» **SOURCE MATERIAL**
※ ※ ※

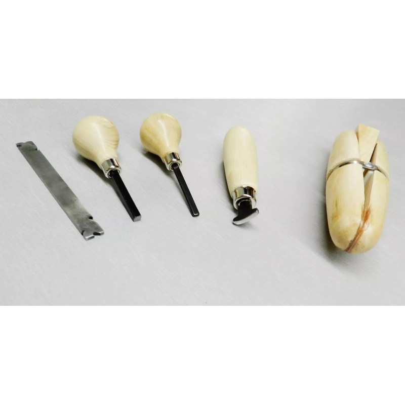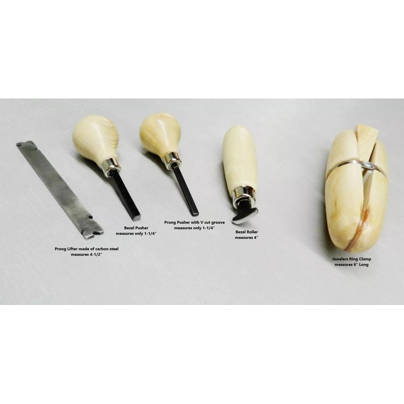 Jewelry Stone Setting Set contains 5 Pieces - includes a Jewelers Ring clamp, prong pusher, bezel pusher, and bezel roller with durable tips all mounted on ergonomic smooth fine finish wooded handles along with a metal Prong Lifter.
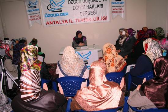 Özgür-Der Antalya temsilcilik binasında gerçekleştirilen konferans sunuş konuşmasıyla başladı. Daha sonra Hülya ŞEKERCİ konuşmasında şu konulara değindi: vahiy Arap cahiliye toplumuna indiğinde birçok konuya müdahale ettiği gibi kadın konusuna da müdahale etmiştir. Çoklukla övünmek; çok mal ve çok çocukla özellikle erkek çocukla övünmek cahiliyenin temel karakteriydi. Vahiy öncesi kadının durumu tamamen feodal bir yapı üzerine kurulmuştu. Cahiliyede kız çocuğu doğurmak ve kız evlat sahibi olmak ayıptı ve aşağılık bir durum olarak kabul edilirdi. Bu konuyu Kur'an bize şöyle hatırlatıyor;
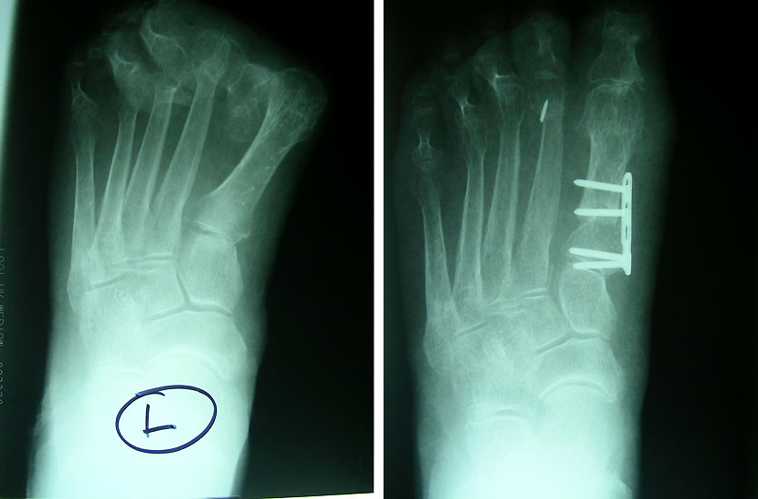 - Beseitigung der Druckschmerzen über dem Großzehenballen durch Korrektur des Spreizfußes.
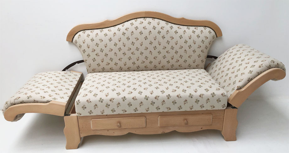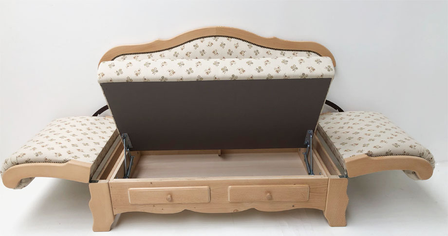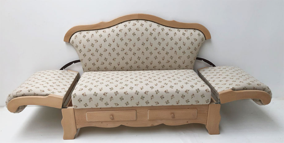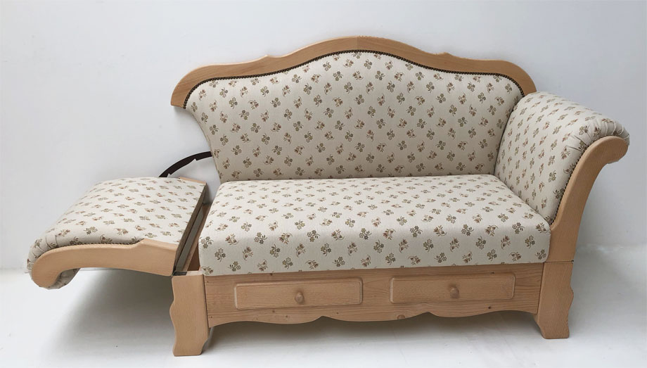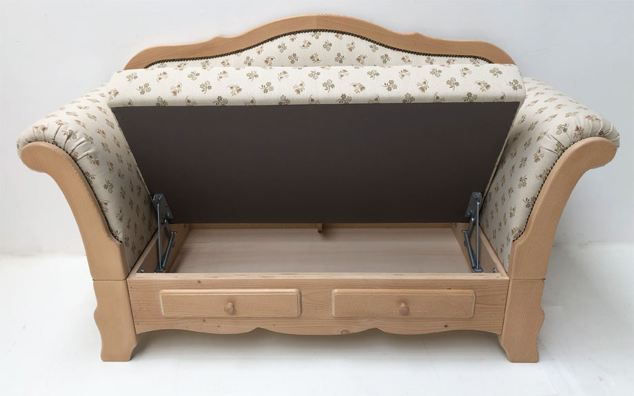 Holz Fichte massiv, Rosner gewachst, Angebotsstoffe: 1 Sofa Kempten ,Länge 160, Sitz 110 cm, Rücken Holzrahmen, Sitz aufklappbar, Schubladenblenden,

※ ※ ※

» **ABOUT THIS TASK**
Your copy should hold only the lines running from the one that contains "- Beseitigung der" through the final line of the data; transcribe them exactly, both ends included, and leave pictures out.

» **ANSWER TO THIS TASK**
 - Beseitigung der Druckschmerzen über dem Großzehenballen durch Korrektur des Spreizfußes.
 Holz Fichte massiv, Rosner gewachst, Angebotsstoffe: 1 Sofa Kempten ,Länge 160, Sitz 110 cm, Rücken Holzrahmen, Sitz aufklappbar, Schubladenblenden,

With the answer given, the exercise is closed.